One fruit of the "Popish Plot" was seen in the imprisonment of over two thousand persons on suspicion of implication, and in the conviction of a number of innocent priests and laymen, who suffered the death of traitors—the last of the English martyrs, whose constancy shows the metal of which our Catholic ancestors were fashioned. The most illustrious and the latest victim of Shaftesbury's malevolence was Venerable William Howard, Viscount Stafford, who suffered in 1680. The next year witnessed the martyrdom of Venerable Oliver Plunket, Archbishop of Dublin, whose trial, even for those fanatical times, was a master-piece of injustice.
James, Duke of York, succeeded his brother in 1685. The nation had been for many years exposed to the recurrence of strong waves of conflicting feelings, excited by the uncertain policy of the sovereign, by religious dissensions, by the intrigues of a court party notorious for its immorality, and by the unscrupulous machinations of statesmen. It would have needed a ruler of consummate prudence, tact and experience, a man gifted with the qualities that inspire confidence and esteem, to manage the English people under such circumstances. James II. was not eminent in these qualities; he was, moreover, a Stuart—a man without political intuition, and of unyielding tenacity to his own views. But a far more powerful and prudent man than James II. would have had his best efforts baffled or sterilized by the self-interested action of the men who held the offices of State. His one aim was to reinstate the Catholic religion in its place of honour in the country; theirs to trim their sails to whatever wind might blow, and secure their position and their fortune at any sacrifice of honour or probity. Apparently regardless of the complex state of feeling in the country, and of the venality of his Ministers, James blundered on from one measure to another with such fatality that, if he had been following the lead of an insidious foe under the guise of a friend, he could hardly have adopted a course of action better calculated to ruin himself and his religion than that which he worked out to the bitter end.

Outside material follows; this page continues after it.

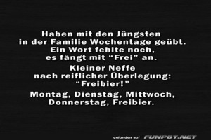| Witz über Wochentage mit Kind Bild (48.36 KB) 5Lustiges → klasse Sprüche und Witze | Lustiges → klasse Sprüche und Witze | 02.03.-08:35 | Celina93 | |

In the four short years he was on the throne James contrived to arouse the dislike and distrust of every section of his subjects. He outraged his Parliament, alienated Churchmen, provoked the universities, embittered the political party which espoused Monmouth's cause, roused the indignation of the most peaceful of his people by the unrelenting harshness of the punishments meted out by his officers, but which were ascribed to James himself; and by his injudicious measures of protection for the Church, and of choice of advisers, he awakened the opposition of even the Catholics themselves.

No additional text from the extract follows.